→ **YOUR OBJECTIVE**: When copying the listing below, skip every picture and keep each word as it stands.

→ **EXERCISE INPUTS**:
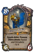 Tirion Vadín es una carta Lengendaria de Paladín del conjunto Clásico. Su Ultimo aliento equipa una Crematoria para el héroe.
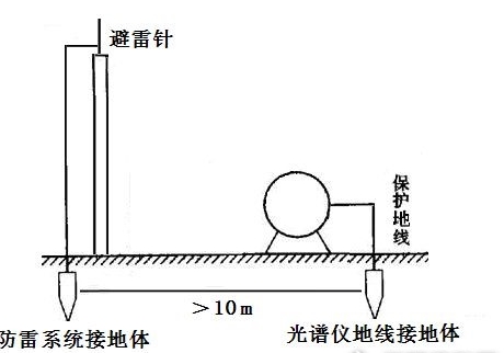 直讀光譜儀器的接地線不能和避雷針接地線接在一起,必須單獨接地線。接地電阻應(yīng)小于1Ω,最大不超過3Ω(有些廠家小于4Ω),否則不能進(jìn)行儀器的正常安裝。
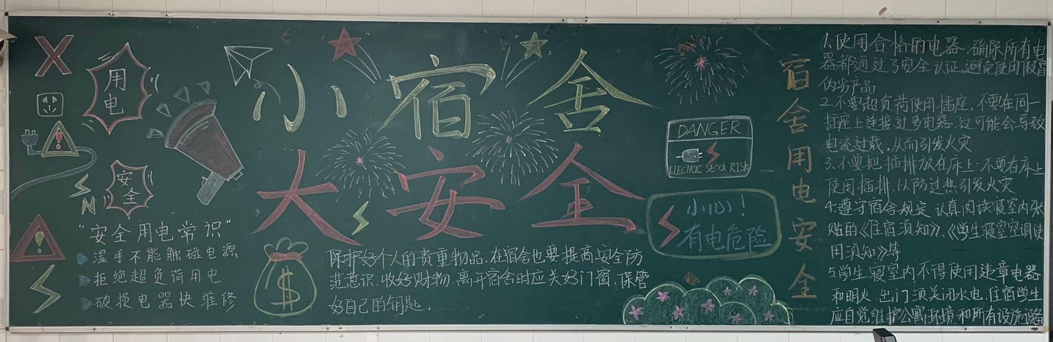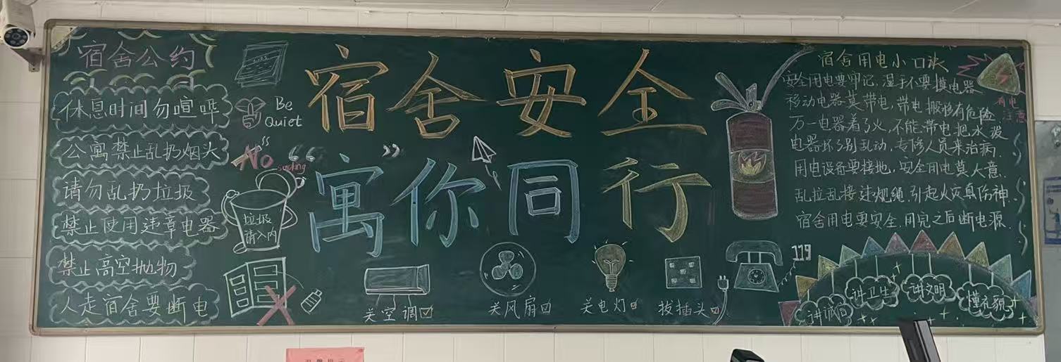 安全无小事,安全重于泰山。通过主题黑板报,拓宽了学生的安全知识,提高了学生的安全意识和防范能力,让同学们认识到自己是自身安全的第一责任人,也是宿舍这个“家”的共同守护者。让我们从我做起,从现在做起,携手筑牢安全防线,为青春年华保驾护航!(文图:李冬 初审:史青松 复审:洪长瑾 终审:胡启涛)
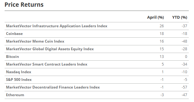 MarketVector Smart Contract Leaders Index faldt 5% i april og er nede med 34% år-til-dato. Solana skilte sig ud som en sjælden vinder, med en stigning på 16% takket være netværksopgraderinger og stigende institutionel interesse i treasury.
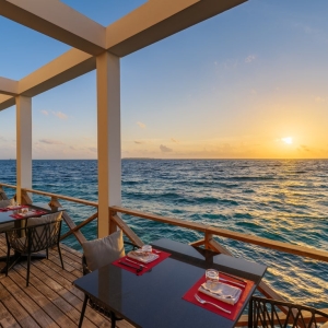 Tables poised on the over-water deck in prime position for you to watch fish dart by while you discover Japanese cuisine including an array of fresh sushi and sashimi.
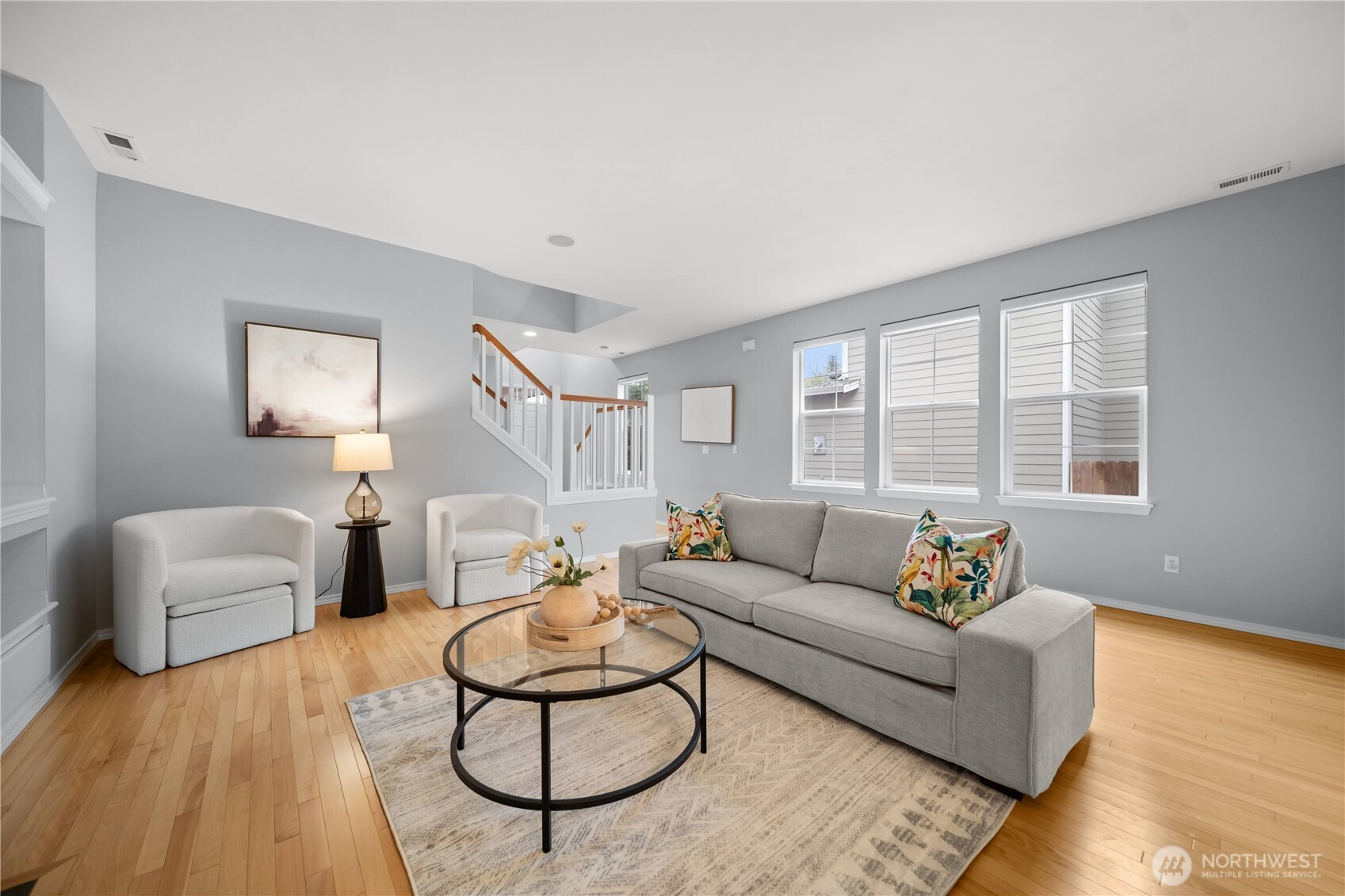 HUGE PRICE REDUCTION!!! Welcome to this beautiful South facing home in sought after Laurels community! This well-maintained 2,340 SF home featuring great room concept, gleaming hardwood floors, main floor office/den with built-in desk/cabinets. Chef's kitchen with slab granite counters, high end SS appliances, Viking gas range & center island. Master suite with 5 piece bath & walk in closet. 2 more good size bedrooms and a open loft for rec/media can easily convert to 4th bedroom. Private fully fenced yard. Professional EV charger in the 2-car garage. Roomy driveway for ample parking. Great location! Close to parks & lakes. Top rated schools. Pre-inspected. Motivated seller.
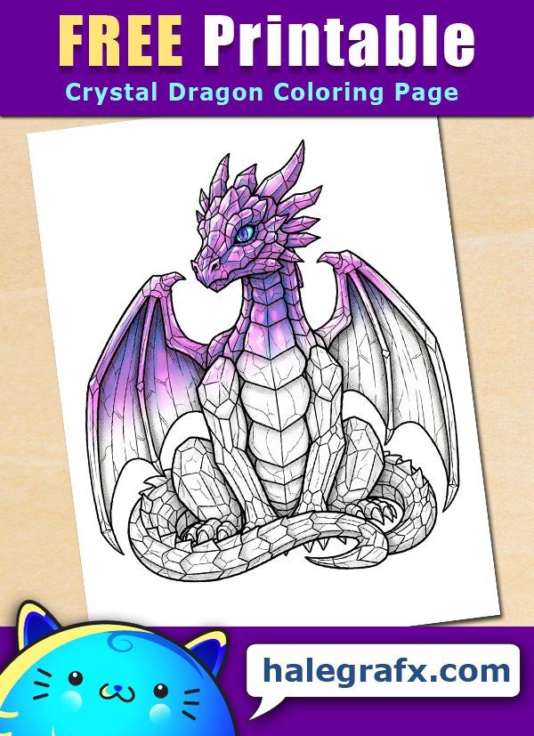 The crystal dragon coloring page would be a great party activity as well if you are planning a dragon party! You can download your free printable crystal dragon coloring page below!
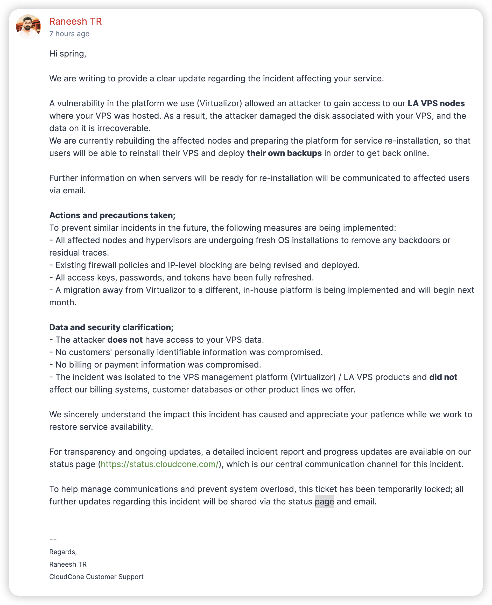 官方的解释令人窒息:“Virtualizor 平台的漏洞允许攻击者破坏了磁盘,数据全没了。”
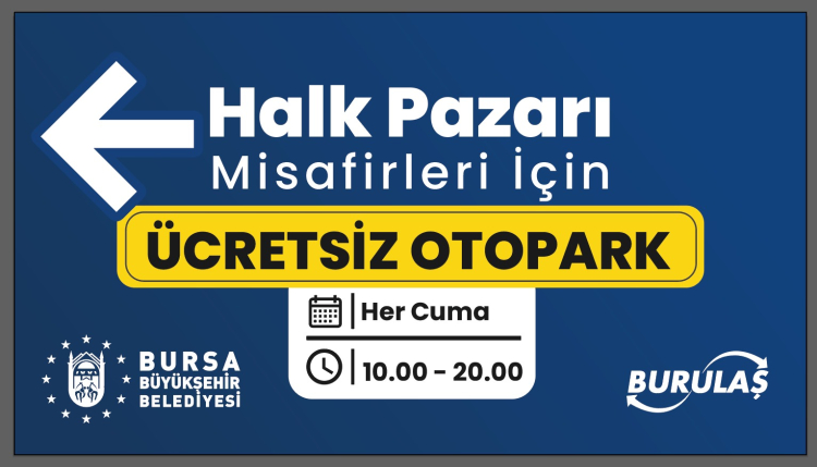 Bursa Büyükşehir Belediyesi, Mudanya ilçesindeki BURULAŞ’a ait otoparkın cuma günleri vatandaşların rahatlıkla pazar alışverişini yapabilmesi için 10.00-20.00 saatleri arasında ücretsiz olarak hizmet vereceğini açıkladı.
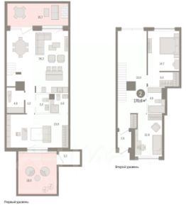Двухуровневая квартира с кухней-гостиной и двумя спальнями в Доме у озера. Особенности планировки: вид во двор, второй санузел, второй свет, гардеробная, двухуровневая, окна в пол, окна на две стороны, отдельный вход, постирочная, потолки 3 м и выше, предчистовая отделка, рабочий кабинет, разнесённые спальни, стактхаус, терраса.
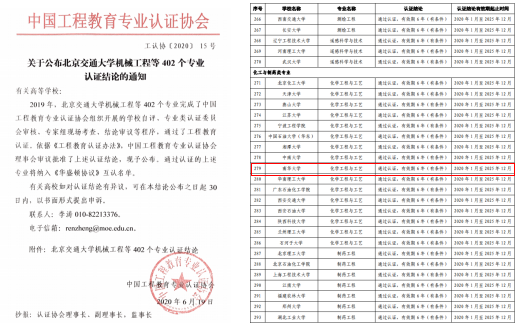近日,教育部高等公司产品评估中心下发《关于公布2019年度通过工程教育认证专业名单的通知》教高评中心函[2020]55号),中国工程教育专业认证协会《关于公布北京交通大学机械工程等402个专业认证结论的通知》(工认协[2020]15号)。sunbet申搏化学工程与工艺专业经过公司自评、专家组现场考查、分委员会审议、认证结论审议委员会审议等程序,获得“通过认证,有效期6年(有条件)”的认证结论。
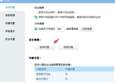 进入到语音视频选项窗口后,这里我们点击右侧窗口中的“音频设置”选项按钮,并在打开来的音频设置窗口中,我们把麦克风及扬声器都调节到*大,并点击√选音质设置选项下的三个选项,最后点击确定即可。
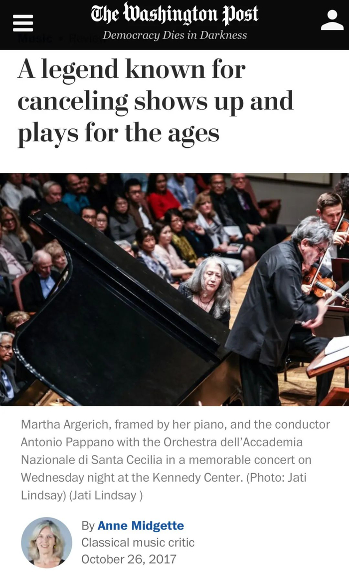 有些钢琴家凭借在台上的演奏引人入胜,传为美谈。有些钢琴家即便不在台上同样扣人心弦,妇孺皆知。玛塔·阿格里奇便是这样一位无论人在台上还是不在台上都自带主角光环、身处聚光灯下的钢琴家。年初,她因心脏健康原因取消了一系列音乐会引发大量传媒关注,人们随之也对她过往取消音乐会的“黑历史”议论纷纷。
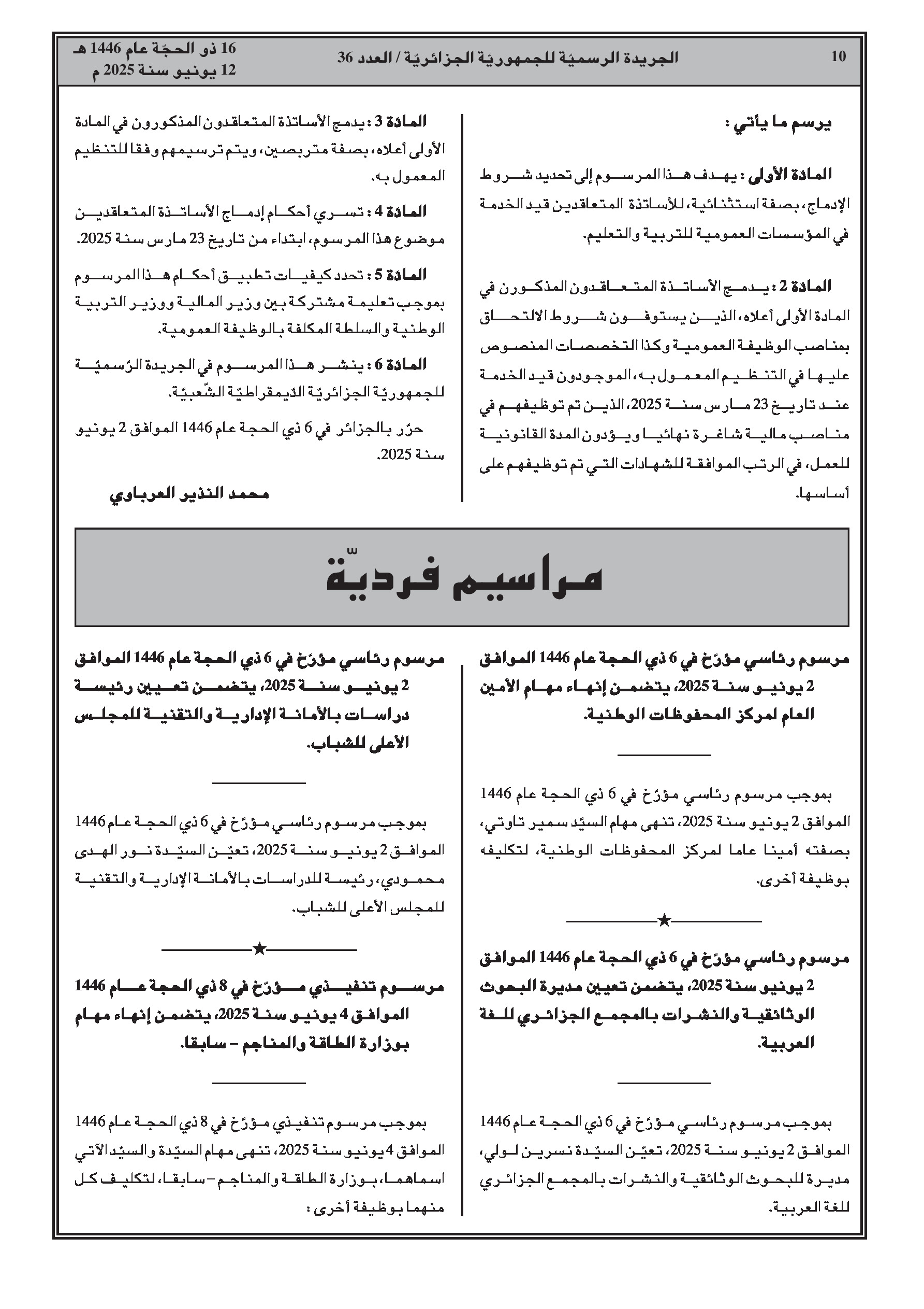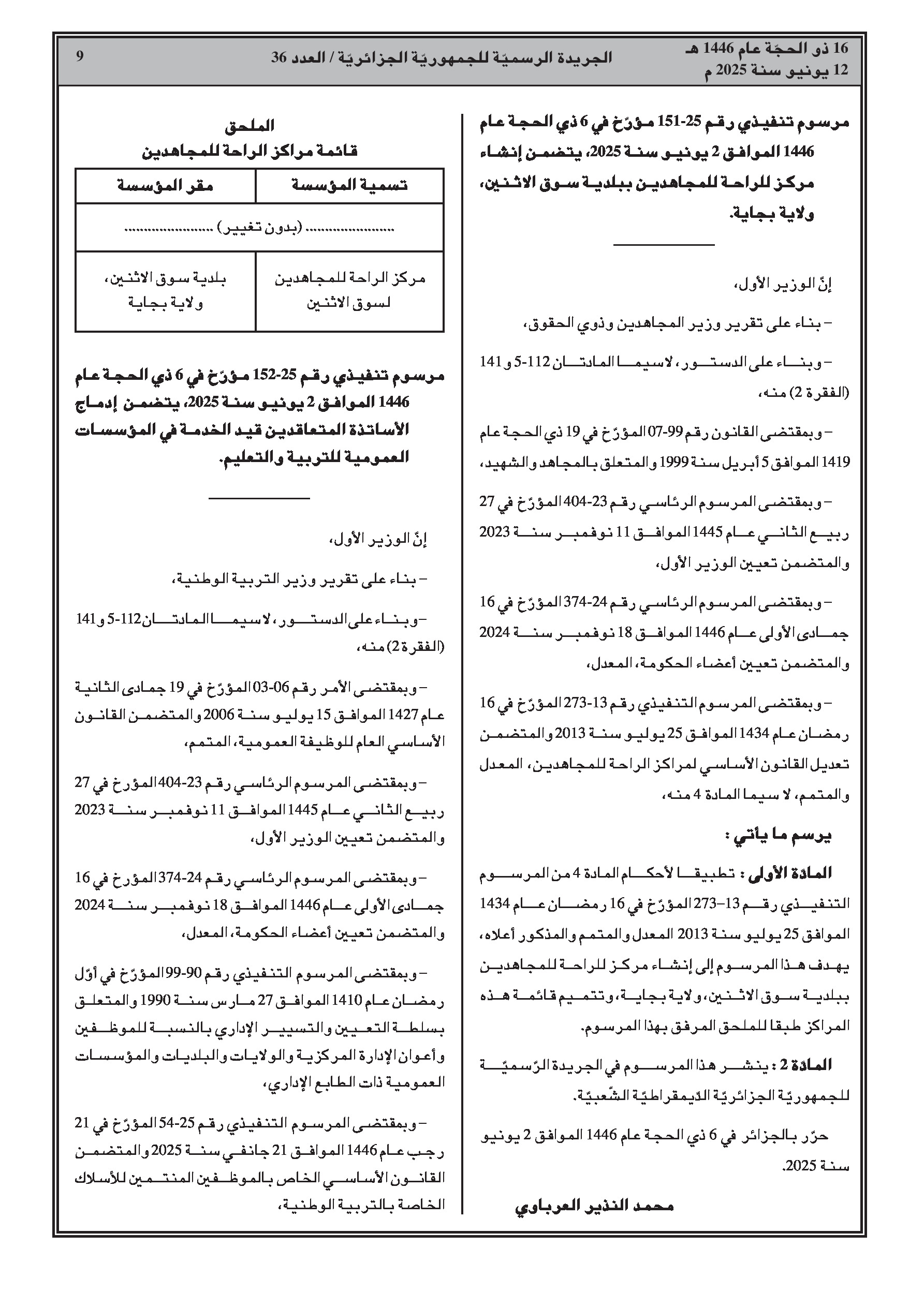 العدد 36 الأمانة العامة للحكومة الجزائرية
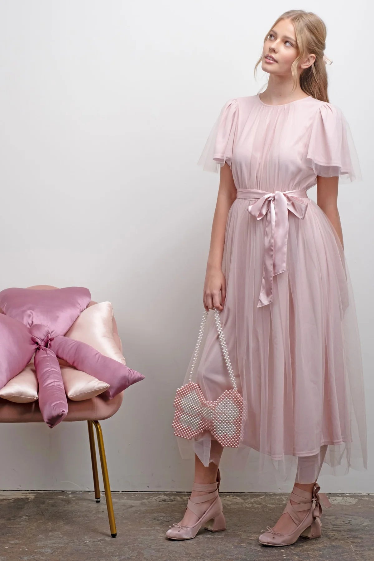 Round neckline, short bell sleeves elasticized waist belt loops self-tie bow belt, tulle overlay solid midi dress
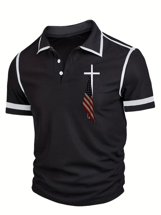 Men's Flag Cross Print Waffle Polo Shirt

→ **TASK SOLUTION**:
 Tirion Vadín es una carta Lengendaria de Paladín del conjunto Clásico. Su Ultimo aliento equipa una Crematoria para el héroe.
 直讀光譜儀器的接地線不能和避雷針接地線接在一起,必須單獨接地線。接地電阻應(yīng)小于1Ω,最大不超過3Ω(有些廠家小于4Ω),否則不能進(jìn)行儀器的正常安裝。
 安全无小事,安全重于泰山。通过主题黑板报,拓宽了学生的安全知识,提高了学生的安全意识和防范能力,让同学们认识到自己是自身安全的第一责任人,也是宿舍这个“家”的共同守护者。让我们从我做起,从现在做起,携手筑牢安全防线,为青春年华保驾护航!(文图:李冬 初审:史青松 复审:洪长瑾 终审:胡启涛)
 MarketVector Smart Contract Leaders Index faldt 5% i april og er nede med 34% år-til-dato. Solana skilte sig ud som en sjælden vinder, med en stigning på 16% takket være netværksopgraderinger og stigende institutionel interesse i treasury.
 Tables poised on the over-water deck in prime position for you to watch fish dart by while you discover Japanese cuisine including an array of fresh sushi and sashimi.
 HUGE PRICE REDUCTION!!! Welcome to this beautiful South facing home in sought after Laurels community! This well-maintained 2,340 SF home featuring great room concept, gleaming hardwood floors, main floor office/den with built-in desk/cabinets. Chef's kitchen with slab granite counters, high end SS appliances, Viking gas range & center island. Master suite with 5 piece bath & walk in closet. 2 more good size bedrooms and a open loft for rec/media can easily convert to 4th bedroom. Private fully fenced yard. Professional EV charger in the 2-car garage. Roomy driveway for ample parking. Great location! Close to parks & lakes. Top rated schools. Pre-inspected. Motivated seller.
 The crystal dragon coloring page would be a great party activity as well if you are planning a dragon party! You can download your free printable crystal dragon coloring page below!
 官方的解释令人窒息:“Virtualizor 平台的漏洞允许攻击者破坏了磁盘,数据全没了。”
 Bursa Büyükşehir Belediyesi, Mudanya ilçesindeki BURULAŞ’a ait otoparkın cuma günleri vatandaşların rahatlıkla pazar alışverişini yapabilmesi için 10.00-20.00 saatleri arasında ücretsiz olarak hizmet vereceğini açıkladı.
Двухуровневая квартира с кухней-гостиной и двумя спальнями в Доме у озера. Особенности планировки: вид во двор, второй санузел, второй свет, гардеробная, двухуровневая, окна в пол, окна на две стороны, отдельный вход, постирочная, потолки 3 м и выше, предчистовая отделка, рабочий кабинет, разнесённые спальни, стактхаус, терраса.
近日,教育部高等公司产品评估中心下发《关于公布2019年度通过工程教育认证专业名单的通知》教高评中心函[2020]55号),中国工程教育专业认证协会《关于公布北京交通大学机械工程等402个专业认证结论的通知》(工认协[2020]15号)。sunbet申搏化学工程与工艺专业经过公司自评、专家组现场考查、分委员会审议、认证结论审议委员会审议等程序,获得“通过认证,有效期6年(有条件)”的认证结论。
 进入到语音视频选项窗口后,这里我们点击右侧窗口中的“音频设置”选项按钮,并在打开来的音频设置窗口中,我们把麦克风及扬声器都调节到*大,并点击√选音质设置选项下的三个选项,最后点击确定即可。
 有些钢琴家凭借在台上的演奏引人入胜,传为美谈。有些钢琴家即便不在台上同样扣人心弦,妇孺皆知。玛塔·阿格里奇便是这样一位无论人在台上还是不在台上都自带主角光环、身处聚光灯下的钢琴家。年初,她因心脏健康原因取消了一系列音乐会引发大量传媒关注,人们随之也对她过往取消音乐会的“黑历史”议论纷纷。
 العدد 36 الأمانة العامة للحكومة الجزائرية
 Round neckline, short bell sleeves elasticized waist belt loops self-tie bow belt, tulle overlay solid midi dress
 Men's Flag Cross Print Waffle Polo Shirt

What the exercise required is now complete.